Hay un hombre, un hombre mayor, casado, que ha perdido el olfato. Tiene un nombre, esa singular patología, esa enfermedad. El hombre está casado, tiene una esposa. A la esposa, que se empieza a sentir mal, débil, le descubren una enfermedad degenerativa que va directamente y con paciencia de boa, contra la motricidad. Nada se ha inventado para combatirla. La enfermedad avanza, la mujer está consciente, y no mucho más.
Ante la progresión de la enfermedad internan a la mujer. La mujer se pone peor, cada vez puede moverse menos, los miembros, los brazos y las piernas, se le dificulta hablar, la tienen que alimentar.
La mujer va a morir. El hombre, su marido, la visita, en terapia. Le lleva el hombre diversas hierbas. Tomillo, romero, flores de lavanda, orégano. El hombre acerca las hierbas a la nariz de su mujer que permanece con los ojos cerrados, para que recuerde olores, fragancias de situaciones donde fueron felices, ella y él, juntos. Árboles de eucalipto debajo de los cuales se sentaron a conversar, especias que utilizaron para condimentar cenas familiares, y así.
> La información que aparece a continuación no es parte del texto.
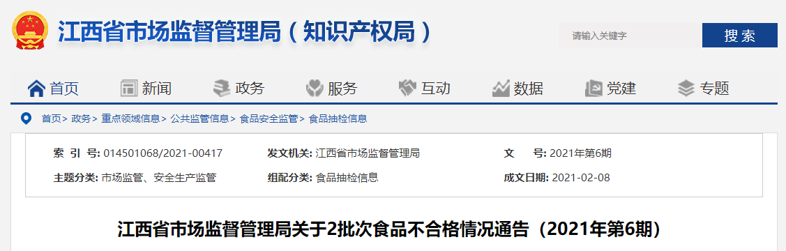 中國(guó)質(zhì)量新聞網(wǎng)訊 2021年2月8日,江西省市場(chǎng)監(jiān)督管理局網(wǎng)站發(fā)布關(guān)于2批次食品不合格情況通告(2021年第6期)。通告稱,近期,江西省市場(chǎng)監(jiān)督管理局組織食品安全監(jiān)督抽檢食用農(nóng)產(chǎn)品、糧食加工品、餐飲食品3大類食品共146批次食品,發(fā)現(xiàn)2批次不合格,涉及農(nóng)獸藥殘留和微生物污染問題。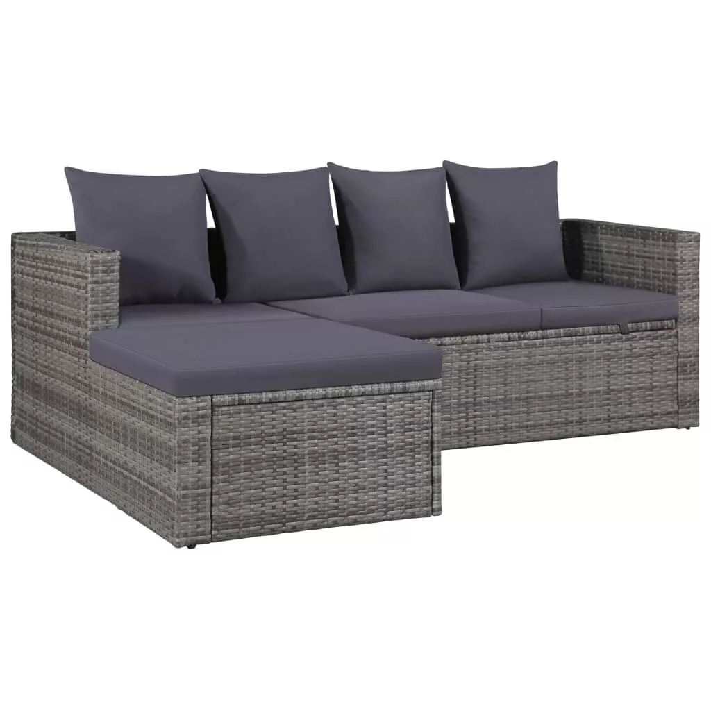 A szett 1 db sarokkanapét, 1 db dohányzóasztalt, 2 db puffot, 4 db párnát és 6 db ülőpárnát tartalmaz.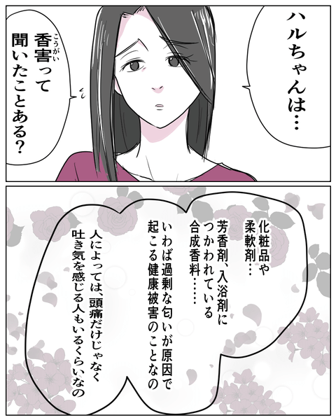 ※作者は香害の実態を全て把握してるわけではありません。香害に苦しむ方は実際にいらっしゃるため、洗剤や柔軟剤を変更するよう促す行為そのものが行き過ぎた行為であるとは限りません。ナツミというキャラクターへの違和感を募らせる描写ですのでご了承ください。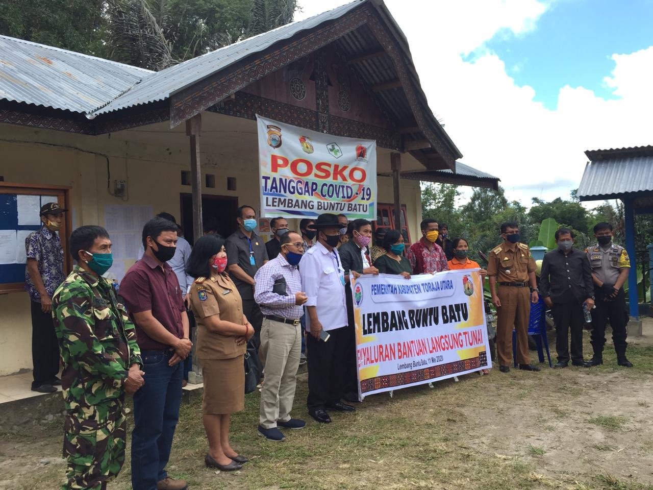 Torayapos.com-Toraja Utara,–Bupati Toraja Utara Kalatiku Paembonan didampingi anggota DPRD Toraja Utara, sekretaris Kominfo-Sp Yaya Rundupadang dan kepala Dinas DPML Rita Rasinan. menyerahkan Bantuan Langsung Tunai (BLT) secara simbolis kepada warga yang terdampak Covid-19, Senin (11/05/2020) di Lembang Buntu Batu.

La escena del hombre junto a la cama donde yace su mujer con los ojos cerrados, el hombre metiendo la mano en una de las tres bolsas que ha llevado al hospital, acercando alguna ramita a las exánimes fosas nasales de su esposa que apenas conserva fuerzas para respirar. Bueno, es una escena de una ternura infinita.
Después levantás la vista del libro y te das cuenta que no importa lo fétida, abyecta y absurda que sea la realidad. Algo bello surge de alguna parte y es una maravilla comparable con la multiplicación de los peces y los panes. Y entonces podés continuar.